Предок поэта Георг Лермонт – возможно, один из потомков шотландского барда Лермонта, будто бы жившего в одиннадцатом веке близ Эдинбурга, – оставил родину и выехал в Польшу. При одном из столкновений поляков с московскими войсками перешел к русскому царю. Вместе с несколькими десятками шотландцев и ирландцев. Потом жил в Галиче, в собственном поместье. Умер под Смоленском в звании ротмистра рейтар.

В словарной справке Брокгауза и Ефрона говорится, что продолжатель довольно многочисленного рода Лермонтовых – сын Георга (Юрия) Петр. В Саранске он был воеводою, а сыновья его – Евтихий и Петр – стольниками. У Евтихия был праправнук Юрий Петрович, отец поэта.

Мужчины рода Лермонтовых носили, как правило, имена Юрий или Петр. Михаил составляет редкое исключение. Это отступление от фамильной традиции проливает свет на расстановку семейных сил, когда появился на свет Михаил Юрьевич. А полагалось бы, будь на то воля отца, называться ему Петром Юрьевичем.

Шотландское происхождение Лермонтовых имеет, разумеется, узкогенеалогическое значение. Два века пролегли между Георгом Лермонтом и Михаилом Лермонтовым. И тем не менее, ступив на лондонскую землю, я уже думал о Шотландии. Замыслив книгу о Лермонтове, я, естественно, мечтал побывать во всех уголках, связанных с именем Лермонтова.

И в один прекрасный вечер я отправился на поезде в Эдинбург. Мое волнение все возрастало по мере того, как приближался к столице Шотландии.

Сошел я на эдинбургский асфальт ранним январским утром. И долго бродил по улицам города. Любовался средневековым замком, маячившим в утренней дымке. И вволю глядел на небо.

Как журналиста меня всегда влечет в редакцию, словно голодного коня в конюшню. Мне нужен был ответ на интересовавший меня вопрос, и я его быстро мог получить в стенах редакции.

Словом, я оказался в кабинете мистера Алистера Даннета, редактора газеты «Скотсмэн». Он встретил меня радушно. Сказал, что совсем недавно был в Сочи и в Абхазии. Охотно взялся ответить на мой вопрос.

– Мистер Даннет, – сказал я, – мне бы хотелось узнать, живы ли потомки вашего знаменитого певца древности Лермонта? Если да, то можно ли повидать кого-либо по фамилии Лермонт?

Через минуту на столе перед ним лежало несколько телефонных книг.

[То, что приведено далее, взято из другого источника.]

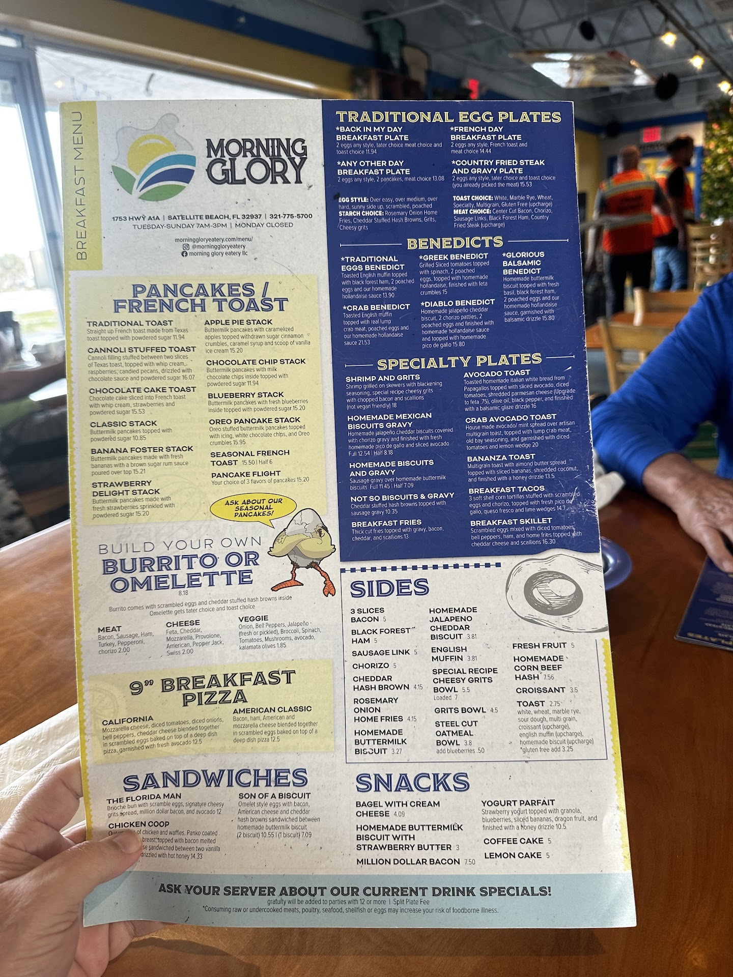 As of March 4th 2022 --- This is a Good and Bad review. The Good: Excellent food in a choice of inside or outside dining at very affordable prices. The ocean is near with a sea breeze most days making the outside dining very enjoyable. Parking is easy and a short walk. Have brought friends to this Breakfast/Lunch restaurant many times along with ourselves when in the Satellite Beach area.
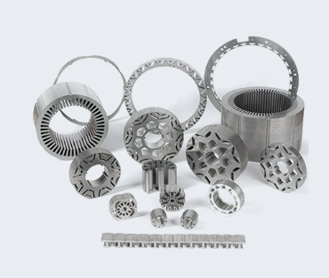 Laminations stacked together to form motor cores, enhancing torque and electromagnetic performance. Stacking method improves durability and efficiency, produced with precise assembly processes.
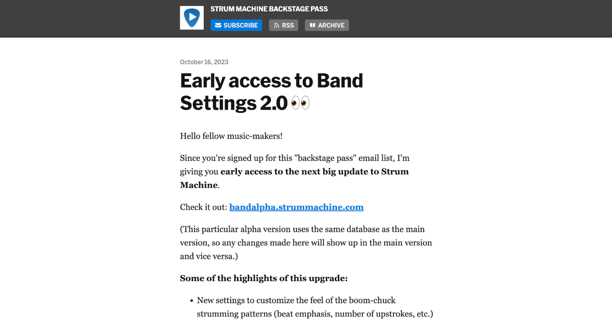 If you have an existing mailing list, you can use it to cross-promote—but here, you have to be even more careful to not overdo it. “People hate cross-promotion of products,” worried the UserMaven team when launching a new product, “so we kept it to the bare minimum (3 emails in total) to get the word out without annoying those subscribers.” Strum Machine balances that with a dedicated “backstage pass” newsletter for their most devoted fans, as a separate pre-launch list for people most interested in their app (and with more frequent updates, behind-the-scenes details, and early bird discounts to match).
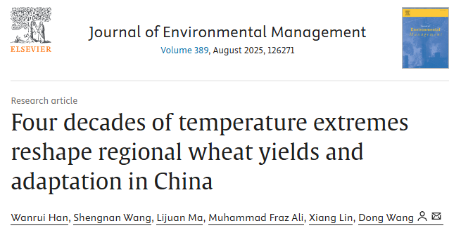 近日,js555888金沙老品牌王东教授团队在国际期刊《Journal of Environmental Management》发表题为Four decades of temperature extremes reshape regional wheat yields and adaptation in China研究论文。金沙官网2022级博士生韩婉瑞为论文第一作者,王东教授为论文通讯作者。
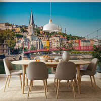 Transform any room with this stunning view of Lyon. The red footbridge over the Saône River offers a captivating focal point, framed by historic buildings. The clear blue sky brings openness, while the church spires and hillside structures add depth. Install this wallpaper for walls in a living room, dining area, or hallway to create a sense of European charm. The balanced composition and vivid colors will complement both modern and classic interiors, adding a touch of wanderlust to your space.
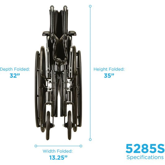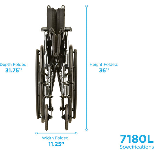 Hammertone Wheelchair - 18" Lightweight With Flip Back Detachable Arms & Swing Away Footrest 7180L
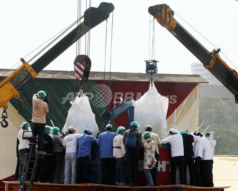 ニューデリーの競技場で、ギネスブックの認定員が監視する中、3トンのバスマティ米と唐辛子85キロ、1200リットルの食用油、そして野菜3650キロが、3台のクレーン車で巨大な容器に流し込まれた。
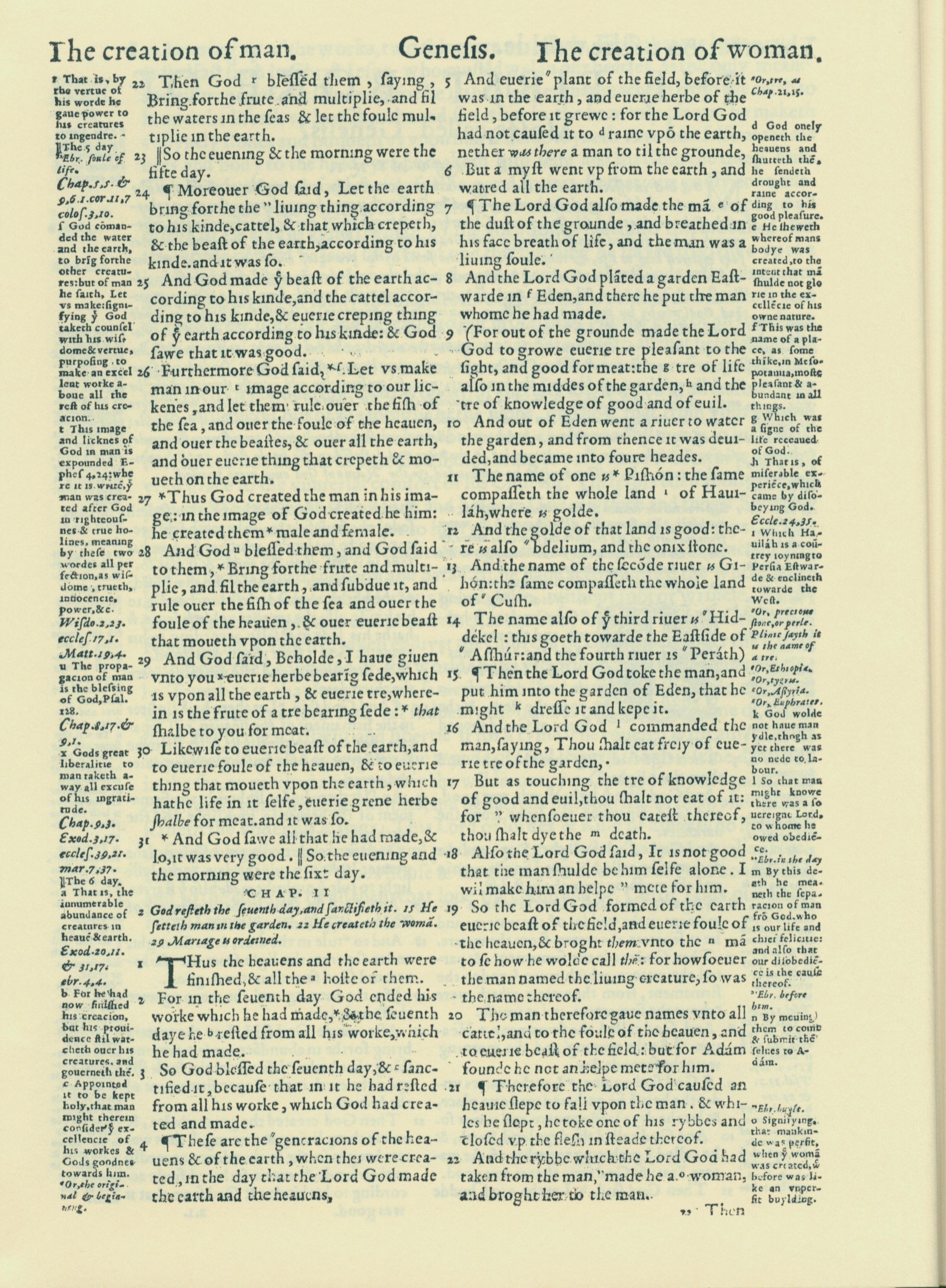 1560年THE BIBLE AND HOLY SCRIPTURES 創世記 1 章 22 節到 2 章 22 節
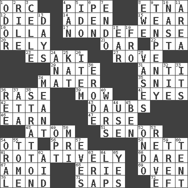 ACROSS 1. The grampus (Milton) 4. Corncob 8. Inactive volcano in Sicily 12. Passed on 14. An important port of Yemen 15. Put on (as clothing) 16. Spanish pot 17. Unrelated to defense, as in spending 20. Depend 21. Boat paddle 22. Parent Teacher Assoc. 23. 1973 Nobel Price Winner (Physics) Leo 27. Be footloose 29. Nathan's nickname 31. Opposed to 34. Mother 35. In a ____ (agitated or irritated) 36. Raze (variant) 39. Cut the grass 41. Sight organs 42. Singer James 43. Applies to a surface 46. Merit 47. Celtic language 48. Smallest unit of an element 51. Sir (Sp.) 54. Baseball player Mel 56. Before (prefix) 58. Remaining after all deductions 61. Producing rotation 66. Have the gumption 67. Mine, in Marseilles 68. 4th largest of the Great Lakes 69. Baking chamber 70. Grant temporary use of 71. Plant excrements 72. Lizard (obsolete) DOWN 1. Scent 2. Cause heat under the collar 3. Cell (Danish) 4. Baking dish 5. Wedding promise 6. Writing instrument 7. Inside; within (prefix) 8. She-sheep 9. 3-inch nail 10. Political cartoonist Thomas 11. Length times width 13. 24-hour periods 18. Hearing organ 19. Away 24. Santa ___, CA 25. Krazy ___ of comics 26. A whole individual unit 28. Flower holders 30. Wear away 32. Make a knot 33. It is 34. Intended 36. To sift 37. "One Day ___ Time" 38. Ski resort town in Vermont 40. Armed conflicts 44. Purpose 45. Benjamin's nick name 49. Elect 50. Medical imaging device (abbr.) 52. Southwest Nigerian state 53. Rob, plunder, or pillage 54. Relating to the mouth 55. Heavy book 57. Nights before holidays 59. Unclean, religiously 60. Portable shelter 62. Assist 63. Period 64. Mouth edge 65. Affirmative reply

– Вот номера телефонов эдинбургских Лермонтов, – сказал он. – А вот список Лермонтов из Глазго. Вернее, их телефонов. А вот Лермонты в Данди, Абердине… Вам нужно еще?

Лермонтов оказалось так много, что я вынужден был довольствоваться копиями списков.

Вскоре я стоял на стене замка и любовался видом Эдинбурга и его окрестностей, которые оттуда – словно на ладони.

Семнадцатилетним юношей Михаил Лермонтов писал в стихотворении «Желание»: «Зачем я не птица, не ворон степной… На запад, на запад помчался бы я, где цветут моих предков поля, где в замке пустом, на туманных горах, их забвенный покоится прах… И арфы шотландской струну бы задел, и по сводам бы звук полетел…»

Так писал Михаил. Но сам Юрий Петрович Лермонтов, как видно, не очень-то хорошо был осведомлен о своем генеалогическом древе. И мы знаем немного о самом Юрии Петровиче. Павел Висковатов признает, что «сведений об Юрии Петровиче очень немного». Известно, что умер он 1 октября 1831 года. Похоронен в родном селе Кроптово, или Кропотово, недалеко от города Ефремова Тульской области. Могила его, казалось, затеряна. Однако в конце 1974 года она была отыскана, и под руководством директора музея-заповедника «Тарханы» Валентина Арзамасцева прах Юрия Петровича был перевезен в село Лермонтове и захоронен недалеко от фамильной часовни-склепа Арсеньевых.

Родился Юрий Петрович в 1787 году. Воспитывался в кадетском корпусе, служил прапорщиком в Кексгольмском пехотном полку. Снова вернулся в кадетский корпус. Служил Юрий Петрович недолго (семь лет), числился на хорошем счету у начальства и уволился по болезни в чине капитана, двадцати четырех лет от роду (7 ноября 1811 года).

По всем сведениям, это был красивый, со столичными манерами человек. Дворянское происхождение обеспечивало ему некоторое положение в свете. Но всего лишь – некоторое, ибо род его обеднел. По тем временам – ужасный порок.

Судя по всему, Юрий Петрович пользовался успехом у дам. Совершенно определенно. Вспомним, что им увлеклась почти с первого взгляда застенчивая Мария Арсеньева, которой едва минуло восемнадцать лет.

Мария Михайловна была единственной дочерью в семье Арсеньевых, имение которых находилось в селе Тарханы Пензенской губернии. Это очень близко от Чембар. Она потеряла отца в пятнадцать лет, жила с матерью.

Путь в Москву из Тархан лежал обычно через Рязань или же Тулу. В Москве проживала многочисленная родня Арсеньевых, и девушку приходилось вывозить туда, особенно с шестнадцати лет. В эту пору она считалась на выданье. Была хрупка здоровьем, а по нраву – добрая, большая мечтательница. И, на мой взгляд, была женщиной «с характером». Вообще говоря, со стороны столыпинской почти все женщины были «с характером». Я уж не говорю о Елизавете Алексеевне. Взять хотя бы ее младшую сестру Екатерину Алексеевну. Она влюбилась в генерала Хастатова, армянина по происхождению. Жил Хастатов далеко-далеко, в своем имении в Шелковом, что близ Кизляра, по существу, в «прифронтовой полосе». Здесь, можно сказать, проходила граница кавказской войны. В Шелковом – постоянные тревоги, набеги горцев, боровшихся не на жизнь, а на смерть против царских войск. Тут, меж двух огней, и жил бравый Хастатов. Екатерина Алексеевна твердо решила идти за него замуж, и уговоры многочисленной родни не возымели никакого действия: она уехала в Шелковое. И вскоре удостоилась прозвища «передовой» помещицы, то есть помещицы, живущей на передовой линии огня.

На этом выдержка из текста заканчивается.